Le constat est là. Il y a de plus en plus de sans-abri (ou de sans chez soi) à Bruxelles. Le pourcentage est de 27,72% de plus qu'il y a trois ans, en 2018. Bien sûr, Bruxelles n'est pas la seule touchée. D'ailleurs, le sans-abrisme touche aussi en dehors des grandes villes ou mégapoles. Le nombre d'enfants et de jeunes adultes (18-25 ans) sans abri est assez important, comme nous le rappellent des experts.

Pour ce qui est de la région bruxelloise, on compte 4.380 adultes et 933 enfants (contre un peu plus de 600 en 2018) qui sont sans-logement. Dans la ville de Gand (Belgique), 1.472 adultes et 401 enfants sont concernés, contre 422 adultes. Du côté de Liège, 932 adultes et 78 enfants. Au Limbourg, on dénombre 285 enfants et 149 adultes. Pour Arlon, on a 69 enfants. Arlon est l'unique ville belge qui organise un accueil de nuit en hiver dans la province de Luxembourg.

Le sans-abrisme se transmet

En fait, les enfants partagent la mauvaise situation de logement de leurs parents. Caroline George, coordinatrice de projets à la fondation Roi Baudouin, explique : "La proportion des enfants varie de 15 à 30% selon les villes, mais heureusement on voit très peu d'enfants qui dorment dans la rue"

Elle ajoute : "Ils sont le plus largement représentés dans les foyers d'hébergement, ce qui montre que des solutions leur sont données. Beaucoup sont dans des situations de sans-abrisme caché et dorment chez des proches".

"Les 18-25 ans dépassent les 20%, ce qui signifie que le stéréotype du vieillard au coin de la rue ne correspond plus à la réalité. Nos premières données rejoignent des évolutions observées dans la littérature internationale, à savoir que le sans-abrisme est en train de rajeunir, qu'il y a une féminisation du public, qu'il y a plus de familles... Il y a aussi plus de personnes avec un passé migratoire, mais avec de grandes variations selon les villes. A Gand, on a jusqu'à 57% de personnes dans l'illégalité. Dans la littérature internationale, il y a des jeunes avec un passé migratoire, mais aussi d'autres qui ressortent d'institutions d'aide à la jeunesse ou qui sont en situation de conflit familial".

Environ un tiers de femmes

Quant à elles, les femmes représentent à peu près 30% des sans-abri. Caroline George. explique, en outre : "La majorité des personnes recensées ont des aides ou même des revenus du travail". Une partie importante des personnes recensées se trouve par ailleurs dans une situation de sans-abrisme et d'absence de chez-soi depuis plus d'un an.

Le sans-abrisme et les problèmes de santé mentale, de toxicomanie et drogue, de passage en prison sont toujours liés aujourd'hui. 
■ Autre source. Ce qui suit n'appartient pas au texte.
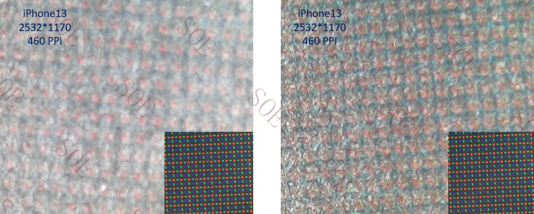 市面上普通3A膜(左)与昇印低闪3A膜(右)对比,可见普通3A膜碎花纹严重,而昇印低闪3A膜则没有碎花纹。碎花纹的产生会严重影响视觉感官体验。
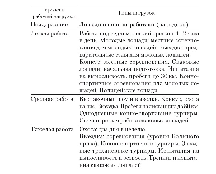 А что тут непонятного? У подавляющего большинства лошадей сейчас нагрузка и вполовину не такая, как была в госспортшколах и колхозах. Посмотрите, что считалось легкой нагрузкой для рабочей лошади: 35 км под седлом. В день! Много ЧВ 35 км каждый день на своей лошади проезжает?Я не поняла. Что вы хотели сказать?
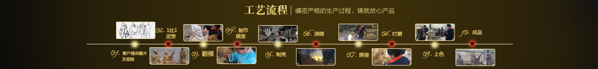 制作一件完美的鑄銅雕塑,最重要的步驟就是制作泥塑模型,然后再用工業(yè)硅膠拓印、翻模。所以泥塑的姿態(tài)、神情生動(dòng)與否直接影響最終銅雕塑的品質(zhì)。所以我廠一直對(duì)泥塑模型的制作格外重視。我廠以雕塑為本,以藝術(shù)為根,挾中華文化之傳統(tǒng),偕歐陸藝術(shù)之風(fēng)韻,風(fēng)格獨(dú)特,盡顯淋漓盡致。我們本著大膽創(chuàng)新、勇于突破的精神,以追求卓越為導(dǎo)向,堅(jiān)持寧缺勿濫為原則,并可依照您提供的要求,為您量身設(shè)計(jì)制作。我廠人才濟(jì)濟(jì),有智慧嚴(yán)謹(jǐn)?shù)墓芾戆嘧樱姸嗄贻p充滿(mǎn)激情、充滿(mǎn)創(chuàng)意的專(zhuān)業(yè)設(shè)計(jì)團(tuán)隊(duì)、有專(zhuān)業(yè)技術(shù)精湛的雕塑制作人才和專(zhuān)業(yè)的施工隊(duì)伍。他們不僅具深厚的文化藝術(shù)底蘊(yùn),更汲取當(dāng)代雕塑精華,博采眾家之長(zhǎng),作品既有嚴(yán)肅莊重寫(xiě)實(shí)題材,也有輕松前衛(wèi)的抽象題材,表現(xiàn)手法上浪漫主義中不乏樸實(shí),現(xiàn)實(shí)主義中蘊(yùn)涵著激情,設(shè)計(jì)理念貫穿古今、融匯中西,深刻詮釋著藝術(shù)的精髓,把古典主義和后現(xiàn)代主義完美的融合,將雕塑藝術(shù)演繹為力的凝聚、美的體現(xiàn),讓人們感受到的不僅是一種藝術(shù)的浪漫與優(yōu)雅、粗獷與悲壯、更是豐富的優(yōu)秀藝術(shù)寶藏和文化傳統(tǒng),讓您在藝術(shù)與文化中穿流,在時(shí)空中飄蕩,使靈魂在藝術(shù)的海洋洗禮。 MORE+

Ces chiffres émanent d'une étude. Elle a été réalisée par des chercheurs de LUCAS KULeuven et de l'ULiège et 120 organisations les 29 et 30 octobre dans les villes d'Arlon, de Liège, de Gand et dans la province de Limbourg. C'était à la demande de la Fondation Roi Baudouin.

La ville de Louvain a de plus réalisé un dénombrement similaire, un peu plus tôt. C'était en février 2020. Pour Bruxelles, l'organisation Bruss'help a organisé son dénombrement bi-annuel le 9 novembre dernier, en collaboration avec 76 organisations de la santé et du social, 15 CPAS et pas moins de 230 bénévoles.

La crise covid empire les choses

C'est à Bruxelles que l'évolution du sans-abrisme est la plus perceptible. Cela permet notamment de constater une tendance à l'éparpillement depuis 2014, depuis le centre-ville et les alentours des trois principales gares vers différentes communes bruxelloises. "L'aspect de non accès à un logement abordable et de qualité en région bruxelloise est saillant à Bruxelles", relève François Bertrand, directeur de Bruss'help. "Il préexistait à la crise, qui vient amplifier ses effets... C'est surtout l'onde de choc pour les mois et années à venir qu'on a du mal à appréhender".  

"En Belgique, on manque actuellement de chiffres clairs et comparables", selon la Fondation Roi Baudouin. "De telles données sont indispensables pour élaborer une stratégie efficace de lutte contre la problématique". Elle réitèrera ce dénombrement en octobre 2021 avec les chercheurs et nouera de nouvelles collaborations avec 4 autres villes.

Il faut noter que les sans-abris sont une catégories qui subit fréquemment la violence. Elle peut venir de gens mais aussi de policiers, comme cela a été le cas, à Mons. La violence peut aussi être plus subtile, comme les amendes que données au sans-abris pour "non respect du confinement" ou pour "avoir bu de l'alcool au centre de Bruxelles" (ce qui a été interdit par le bourgmestre socialiste Philippe Close.